Quel engagement fédéral pour le multilatéralisme ?
Juin - 2025
L’enjeu
Voilà donc le Conseil fédéral interpellé, questionné, invité à se prononcer. C’est le conseiller aux États Pascal Broulis qui a déposé officiellement une motion au mois de mars. Elle est intitulée : « Menaces sur la Genève internationale et l’écosystème du multilatéralisme. Quelles solutions sont mises en place par le Conseil fédéral ? ».

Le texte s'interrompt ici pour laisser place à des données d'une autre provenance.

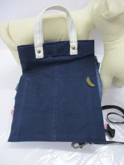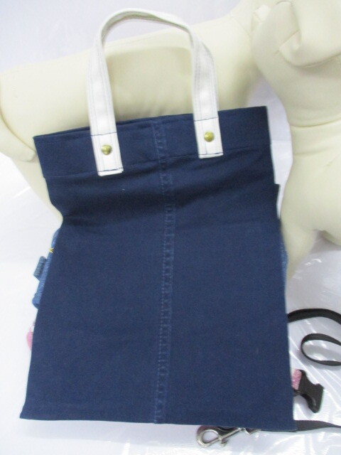 多用途 ペット 犬 お散歩 手さげ バック ジーンズ 生地 インディゴ 紺 系色 オリジナル ハンドメイド 新品 未使用 写真詳細参照 動物寄付対象品 OSA-23

La motion déroule une série de questions: comment le Conseil fédéral évalue-t-il la situation ? Peut-il chiffrer l’impact économique pour la Genève internationale et la Suisse ? Et encore : va-t-il se mobiliser pour renforcer concrètement la résilience et le positionnement de la Genève internationale et organiser son action au bénéfice du multilatéralisme ? Elle demande enfin si le Conseil fédéral doit adapter sa stratégie relative au multilatéralisme et à l’État hôte 2026–2029 à l’aune des développements récents.
Le Conseil fédéral a déjà essuyé des critiques. Certains évoquent «un silence assourdissant» face aux effets de la nouvelle politique américaine sur l’aide humanitaire et sanitaire dans le monde. La Genève internationale traverse une tempête. Mais pas de phare à l’horizon fédéral.
L’angle fédéral est choisi à dessein bien sûr. Ce qui va se produire à Genève va affecter nombre d’organisations humanitaires dans tout le pays. La motion plaide pour Genève mais plus largement pour la Suisse, qui profite du statut international du canton et qui lui permet de jouer un rôle plus important que son poids politique réel ou sa puissance économique.
La rencontre de haut niveau entre la Chine et les États-Unis organisée à Genève le 10 et 11 mai derniers illustre fièrement la pertincence de cet argument. C’est en effet au bout du lac que la Chine et les États-Unis discutent des tarifs douaniers dans un contexte de tensions commerciales exacerbées. Le secrétaire américain au Trésor, Scott Bessent, rencontre à cette occasion la Présidente de la Confédération Karin Keller-Sutter. Et le vice-Premier ministre chinois, He Lifeng, est l’invité du Conseil fédéral. Les discussions se sont déroulées à la résidence de l’ambassadeur de Suisse auprès de l’ONU sur les hauteurs du Léman. Le Département fédéral des Affaires étrangères célèbre le rôle de Genève, et évoque la neutralité et l’expertise diplomatique. Il y a quelques jours, c’était à Genève aussi que l’OMS annonçait la conclusion d’un accord historique sur la prévention des pandémies dans le monde.
La plateforme diplomatique genevoise fonctionne. On discute à Genève, on y négocie, on y conclut des accords. C’est heureux, bienvenu, mais cela n’occulte pas les difficultés qu’elle traverse actuellement et qui peuvent compromettre sérieusement le rôle de notre pays dans les affaires du monde. Parce que ce qui est en jeu aujourd’hui, ce sont aussi les valeurs fondamentales que la Suisse a décidé de soutenir depuis des décennies. Il importe de montrer comment nous voulons continuer à les défendre et de se donner les moyens pour que la Suisse reste ce lieu où on agit pour le respect des droits de l’homme et du droit humanitaire.
Quel avenir la Suisse souhaite-t-elle pour son outil de politique extérieure ? Toute la question est là.